• [Exercise requirements]
Return the material below exactly, but only from the line with "SKJUL er et" through the line with "Lieutenant Colonel Nguyen", and without its pictures.

• [Available records]
=======

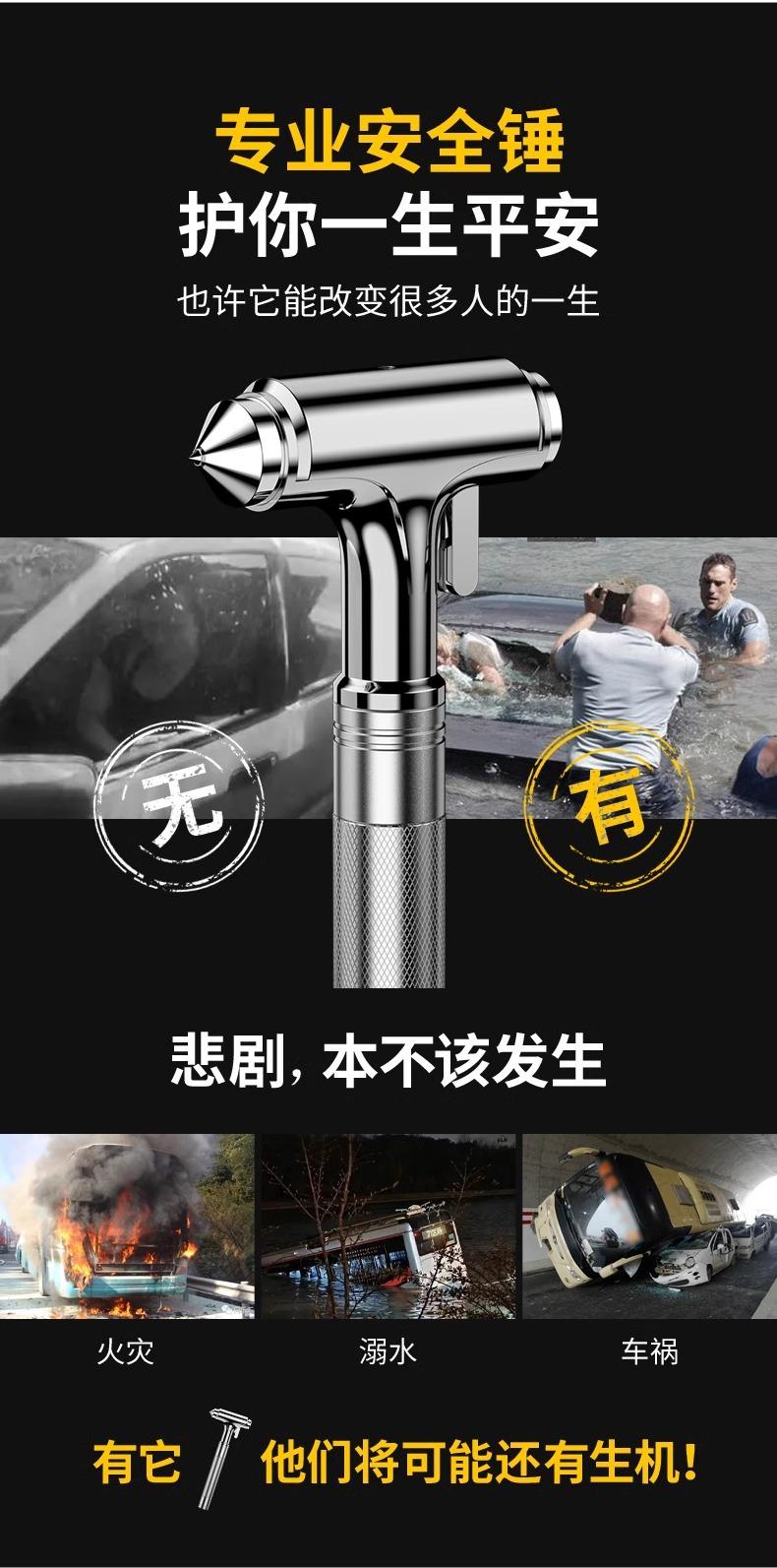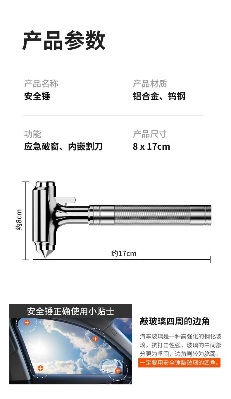 Martillo de seguridad de metal multifuncional de acero inoxidable martillo de seguridad escape de incendios coche emergencia martillo salvavidas artefacto para romper ventanas
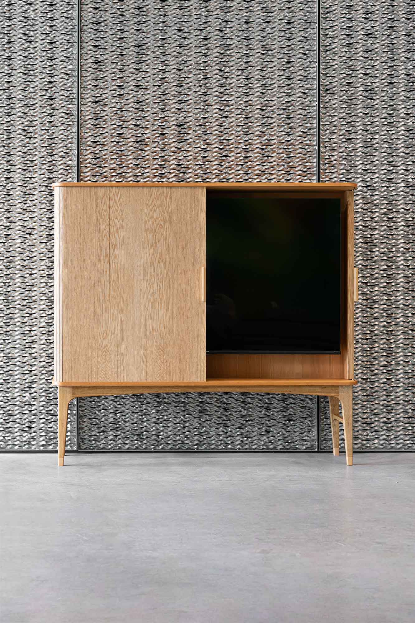 SKJUL er et tv-møbel og jalousiskab i ét – designet og udført af den aarhusianske snedker Troels Schack.
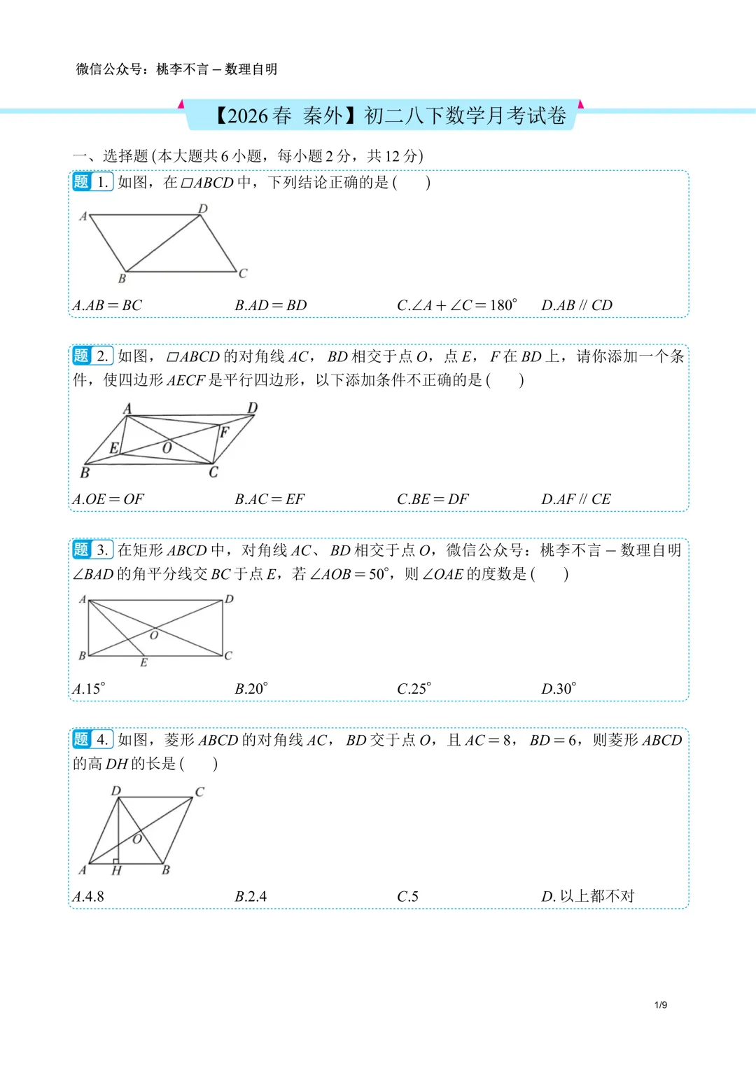 【2026春 秦外】八下数学月考试卷--试题版.pdf
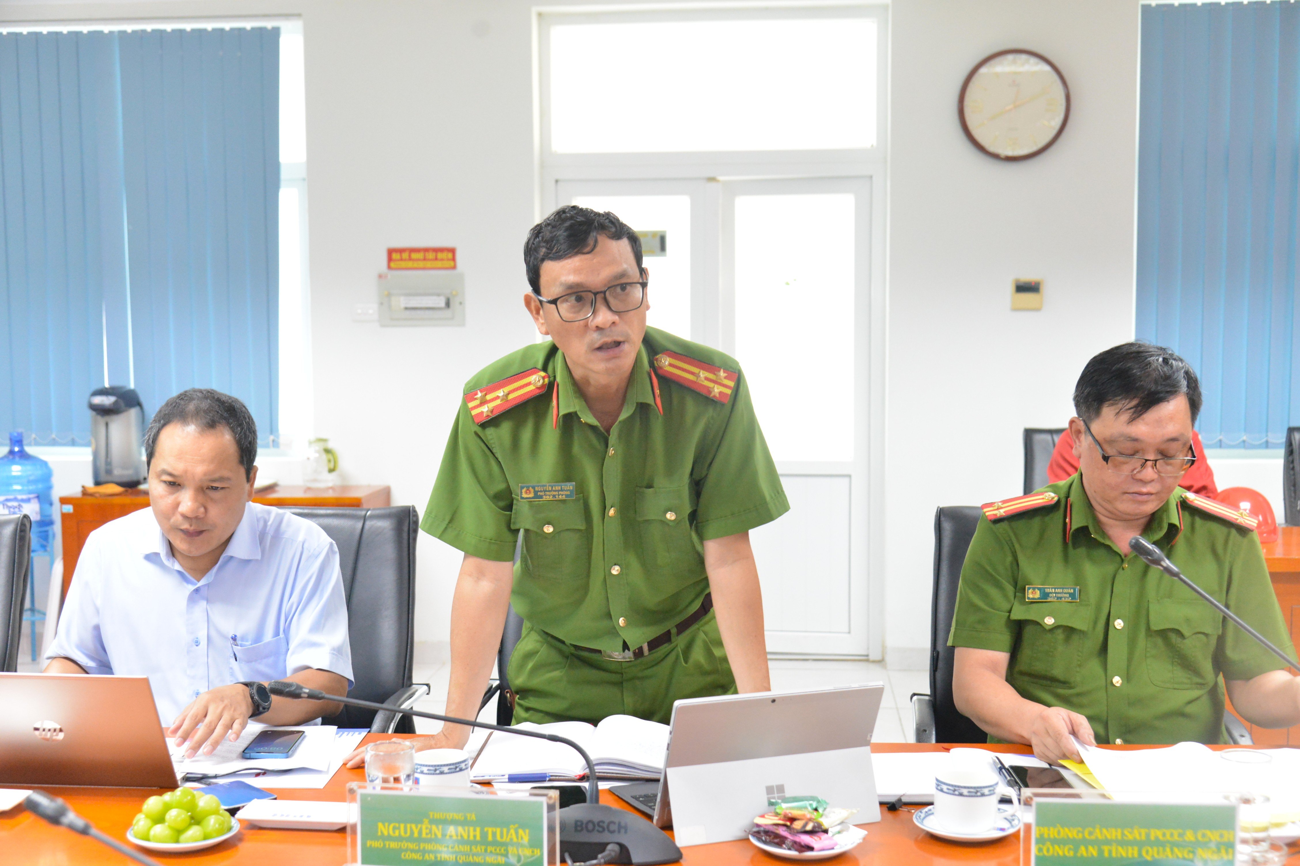 Lieutenant Colonel Nguyen Anh Tuan - Deputy Head of Department 07 (Fire Prevention and Rescue Police Department - Quang Ngai Provincial Police) spoke at the meeting
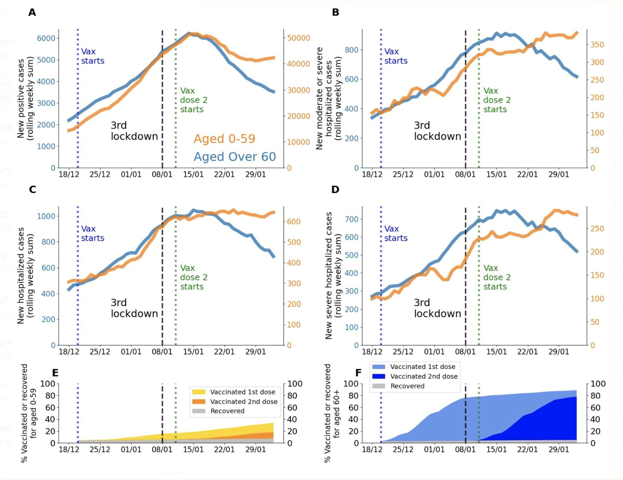 In Israel, the world’s leader in inoculations, there are clear signs of decreased severe illness and hospitalizations among the over 60s, prioritized early in the campaign.
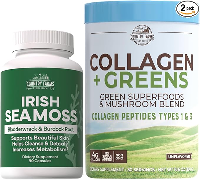 - YOUTHFUL RADIANCE BLEND. Unleash the power of Country Farms Collagen + Greens Powder and Country Farms Irish Sea Moss Capsules to enhance your beauty from within. Collagen revitalizes skin, hair, and nails, while Irish Sea Moss provides a nutritional boost for a radiant and youthful complexion
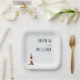 This wedding plate features a minimalist design with a clean white background, showcasing the names "SOPHIA and WILLIAM" in bold sans-serif typography paired with elegant cursive for "and." A charming lighthouse illustration adds a nautical touch to the composition. The color palette includes soft grays, vibrant reds, whites, and muted greens, creating a serene and sophisticated mood perfect for celebrating your special day.

=======

• [Answer space]
 SKJUL er et tv-møbel og jalousiskab i ét – designet og udført af den aarhusianske snedker Troels Schack.
 【2026春 秦外】八下数学月考试卷--试题版.pdf
 Lieutenant Colonel Nguyen Anh Tuan - Deputy Head of Department 07 (Fire Prevention and Rescue Police Department - Quang Ngai Provincial Police) spoke at the meeting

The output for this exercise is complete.